All submission details can be found in the conference website
http://www.less2010.org.

CONFERENCE ORGANIZATION
Program Chairs:
Pekka Abrahamsson, University of Helsinki, Finland and Nilay Oza, VTT
Technical Research Centre of Finland

Organizing Chairs:
Fabian Fagerholm, University of Helsinki, Finland and Petri Kettunen,
University of Helsinki, Finland

Lean Product Development and Innovation track chairs:
Jayakanth "JK" Srinivasan, MIT, USA and Karl Scotland, Availagility, UK

Scaling agile towards lean track chairs:
Vasco Duarte, Nokia, Finland and Kieran Conboy, NUI Galway, Ireland

Beyond Budgeting track chairs:
Peter Bunce, Beyond Budgeting Partnership LLP, UK and Bjarte Bogsnes,
StatoilHydro, Norway


CONFERENCE TRACK DETAILS
Lean product development and innovation
Lean and Innovation have both been touted as transformational strategies
that are essential to long term survival of organizations. Lean Product
Development brings the two constructs together to gain competitive
advantage. The traditional academic and practitioner literature still
remains partitioned into the two streams of lean transformation and
innovation. The classical lean transformation ideas stem from three books:
Machine that Changed the World, Lean Thinking, and Lean Enterprise Value.
This has evolved from being product/customer focused to being truly
multi-stakeholder, and enterprise value centric. This evolution provides an
opportunity to understand and critically assess the coupling between lean
enterprise thinking and innovation.
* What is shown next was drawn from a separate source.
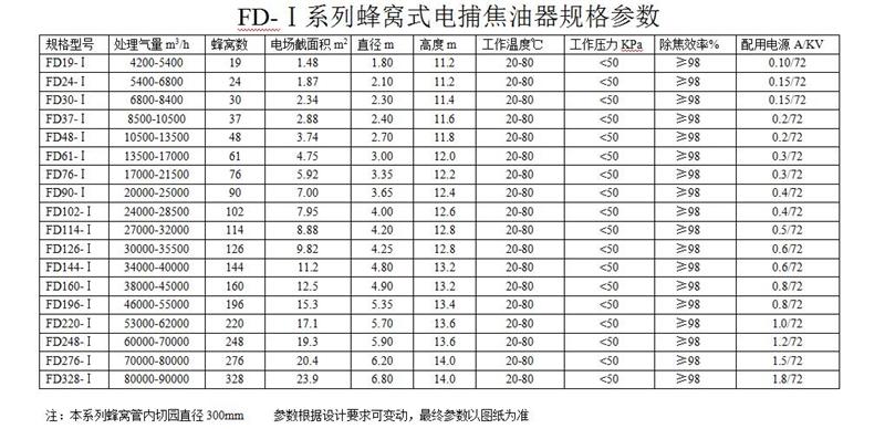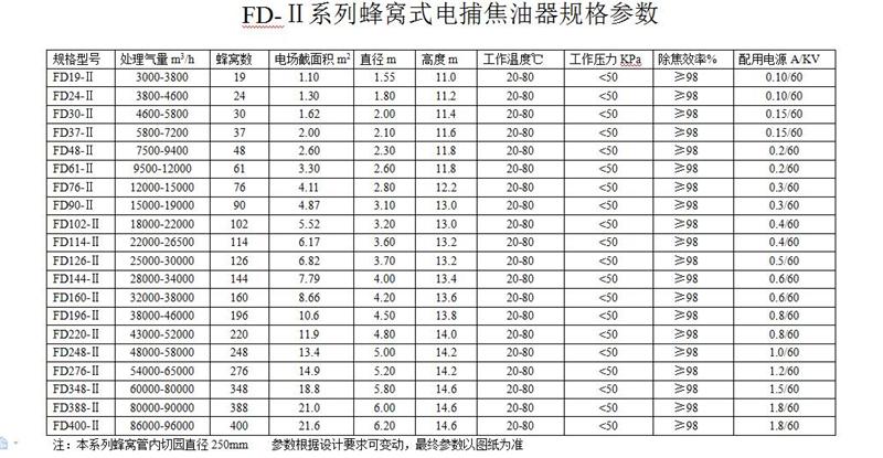 蜂窩式電捕焦油器殼體采用圓筒式結(jié)構(gòu),內(nèi)件沉淀極所采用結(jié)構(gòu)形式類似蜂窩式,蜂窩式的結(jié)構(gòu)是將通道截面為正六邊形。兩個相鄰正六邊形共用一條邊,即靠中間的正六邊形的六條邊均被包圍它的六個正六邊形所共用。用2-3mm的鋼板制成的蜂窩板即可滿足工藝和機械強度的要求。設(shè)備殼體由筒體、器頂封頭與器底斜底組合而成。整個除焦器分為上、中、下3 段, 上、中部為高壓靜電場, 下部為集焦油室。浸漬罐煙氣由下端側(cè)面進入, 凈化后的潔凈氣體由上端頂部由風機排出, 除塵器底部留有人孔維修方便。下端進氣口設(shè)有2 層多孔板型氣流分布板, 使氣體在電場中均勻分布, 中部為高4-5m 的高壓靜電場。 其原理即在金屬導(dǎo)線與金屬管壁(沉淀極板)間施加高壓直流電,使陰陽極之間形成電暈區(qū)。當含焦油霧滴等雜質(zhì)的氣體通過該電場時,吸附了負離子和電子雜質(zhì)在電場庫倫力的作用下,移動到沉淀極后釋放出所帶電荷,并吸附于沉淀極上,當吸附于沉淀極上的雜質(zhì)量增加到大于其附著力時,會自動向下流并從電捕焦油器底部排出,從而達到凈化氣體的目的。蜂窩式電捕焦油器與其他焦油器相比,由于蜂窩式電捕焦油器具有結(jié)構(gòu)緊湊合理、沒有電場空穴,具有筒徑小,占地少,有效截面(氣凈化工作面)大,氣體處理量大成本低,電耗小,收焦油量大且油質(zhì)優(yōu)良,凈化效率高,處理后各種污染物可達標排放的優(yōu)點。達到的技術(shù)指標,可明顯改善操作環(huán)境。

The four factors that Van de Ven
identified in 1986 as being key to successful innovation, namely, the human
problem of managing attention, the process problem of managing good ideas
into good currency, the structural problem of managing part-whole
relationships, and the strategic problem of institutional leadership, remain
relevant today. In this track, we will focus on the application of lean
enterprise ideas and principles to the innovation process. The areas covered
will include idea generation, new product/service development, sustainment,
and retirement.

Scaling agile to lean
Many software teams adopt agile without any significant challenges or
problems presenting themselves. However, scaling agile to large development
groups, and even further beyond the team to the organizational level pose
very significant difficulties. It is difficult to know how to tackle large
development groups, to enable agility at the portfolio level, to enable
large scale distributed software development, or to make software
development an efficient part of the larger Product and System Development
process? In this track we aim to document some of these key challenges and
consequences as well as present studies and findings from industry and
academia on how to tackle these key challenges.

Beyond Budgeting
Beyond Budgeting is a "grass-root" movement of companies that are leaving
traditional management practices, including budgeting, for more flexible and
dynamic management processes built on a positive view on people. The Lean &
Agile principles have much in common with Beyond Budgeting. Lean & Agile
challenge traditional beliefs about how best to run business support
projects, while Beyond Budgeting challenges traditional thinking about how
to best run organisations. Both arrive at very similar conclusions. Complex
knowledge organizations operating in uncertain and dynamic environments need
agile and flexible processes, supporting fast and value driven decisions.
The Beyond Budgeting movement believes that organizations only will realize
the full potential from Lean & Agile when this becomes the way we run our
business and organization, and not just in our projects.